I’m still reeling from the Alabama election. I was elated when Alabama citizen's didn’t elect a racist man accused of pedophilia as senator. However, when I realized the sheer number of Christians who voted for Roy Moore, my elation was quickly dampened.
The bride of Christ is supposed to be the healing balm in our world. The church is called to usher Jesus’ kingdom here.
However, Christians aren’t viewed as bringing good news. Some of the church screams against abortion, while allowing the children’s health insurance program to go unfunded, leaving children without much needed resources to survive. Outcry over religious persecution can be heard, while Christian politicians persecute Muslims. The Evangelical community largely ignores the deaths of our black brothers and sisters and has become deaf to the cries of the immigrants at our door.
The bride of Christ has forgotten our mandate to be the healing source of the world, the hands of feet of Jesus.
While, the country was wringing its hands about the partisan politics, fires blazed through California. Throughout the world, we are hurting. Hatred isn’t just fueled in Alabama, but white supremacy has left its ugly stain on our world. Food deserts have created large populations who do not have access to fresh food. Famine and disease plague all of Yemen, as war rages in the Arab Peninsula. Looming over all of this is the ever-growing threat of nuclear war with North Korea. The world is hurting. And yet, my heart isn’t expectant that the answers lie with a baby laying in a manger.
All of this is happening in the second week of Advent, whose lights illuminates that our hearts are not ready for the coming of Christ.
When chaos hits, I don’t turn expectantly towards Jesus and pray, “God let your kingdom come.” The babe lying in a manger rarely gives me hope. My heart is not open to the miracle of Christ, because I have put my hope in my own ability and in the ability of worldly structures.
The church mimics my trust in worldly structures. We aren’t ready for Jesus to come, because we are so consumed with our own politics that we forget to look towards God. We aren’t a healing force for Jesus, because we try to heal the world with our own ability, stained with our own sin. Our world is hurting and the bride of Christ, can’t help, because we aren’t expectantly preparing for Christ.
I am not advocating for Christians to sit on the sidelines. Jesus’ love for us compels us to act. However, our action must flow from out of our faith that Jesus is coming. That his kingdom is coming. And that he will wipe every tear form our eyes.
We aren’t God’s hands and feet, because we are too busy trying to be our own salvation. Both democrats and republican Christians are trying to find answers in their own ability. As a community we have put our hope in people, who according to Isaiah, “All people are like grass, and all their faithfulness is like the flowers of the field. The grass withers and flowers fall, because the breath of the LORD blows on them. Surely the people are grass. The grass withers and the flowers fall, but the word of our God endures forever.” Isaiah words remind us that humans fail. But, he goes on to say, “Here is your God!” See the sovereign LORD comes with power, and he rules with a mighty arm.” Isaiah’s words remind us that our faith is not in the empty promises of man, but the everlasting glory of the LORD.
We aren’t God’s hands and feet because we are trying to be the answers, rather than ushering in the King and allowing the King to bring about the good news he promised. Instead of doing, we need to “prepare the way for the LORD, make straight in the desert a highway for our God.” We need to turn expectantly towards a babe in a manager and pray for his kingdom to come.
As a doer, I hate this. I want to find the solution to racism and implement it so that we will no longer have police shootings. I want to pass out food to everyone. I want to create forms of government that really do bring about peace and justice. I want to do. But my desire for doing, causes my heart to not be ready for the miracle of Christmas.
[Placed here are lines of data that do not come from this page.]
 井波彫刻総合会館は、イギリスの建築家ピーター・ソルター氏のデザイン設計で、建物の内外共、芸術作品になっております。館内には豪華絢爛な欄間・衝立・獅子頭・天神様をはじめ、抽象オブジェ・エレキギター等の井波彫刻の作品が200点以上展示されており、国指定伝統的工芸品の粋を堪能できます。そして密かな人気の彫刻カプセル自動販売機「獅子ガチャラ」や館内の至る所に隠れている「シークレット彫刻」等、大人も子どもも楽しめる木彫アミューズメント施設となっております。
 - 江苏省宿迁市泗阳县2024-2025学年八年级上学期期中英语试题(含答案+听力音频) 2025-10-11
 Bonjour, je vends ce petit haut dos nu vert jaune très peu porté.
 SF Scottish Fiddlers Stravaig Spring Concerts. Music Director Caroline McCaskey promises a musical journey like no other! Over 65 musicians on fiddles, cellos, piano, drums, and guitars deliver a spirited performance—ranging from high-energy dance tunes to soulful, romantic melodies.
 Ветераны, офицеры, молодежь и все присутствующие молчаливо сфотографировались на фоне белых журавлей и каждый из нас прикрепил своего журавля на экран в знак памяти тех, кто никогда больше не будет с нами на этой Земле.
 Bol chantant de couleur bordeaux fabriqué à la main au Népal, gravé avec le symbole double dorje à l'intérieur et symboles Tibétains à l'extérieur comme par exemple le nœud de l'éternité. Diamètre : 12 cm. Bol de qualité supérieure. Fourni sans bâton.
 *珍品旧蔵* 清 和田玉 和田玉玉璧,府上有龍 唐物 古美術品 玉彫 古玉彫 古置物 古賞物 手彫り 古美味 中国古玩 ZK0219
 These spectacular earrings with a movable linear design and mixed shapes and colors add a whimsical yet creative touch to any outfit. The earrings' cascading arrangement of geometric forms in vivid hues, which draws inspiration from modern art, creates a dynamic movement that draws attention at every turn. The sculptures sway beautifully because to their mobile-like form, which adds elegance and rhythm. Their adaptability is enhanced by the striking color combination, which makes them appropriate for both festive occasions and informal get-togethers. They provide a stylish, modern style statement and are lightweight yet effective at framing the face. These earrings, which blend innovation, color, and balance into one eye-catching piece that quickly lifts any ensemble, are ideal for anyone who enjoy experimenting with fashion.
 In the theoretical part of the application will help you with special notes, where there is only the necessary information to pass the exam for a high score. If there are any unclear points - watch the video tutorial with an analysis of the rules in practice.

Unfortunately, as I write this, I don’t feel a sense of closure. My heart still longs for us to do better. But I wonder if starting to do better, means starting by preparing our hearts for the coming of a King. I wonder if opening up our heart to the miracle that the King will and can bring good news is a good place to start. I wonder if it starts with praying,
“Stir up our hearts, O Lord, to prepare the ways of Thine only-begotten Son, that through His coming we may be worthy to serve Thee with purified minds. Who livest and reignest, with God the Father, in the unity of the Holy Ghost, God, world without end. Amen.”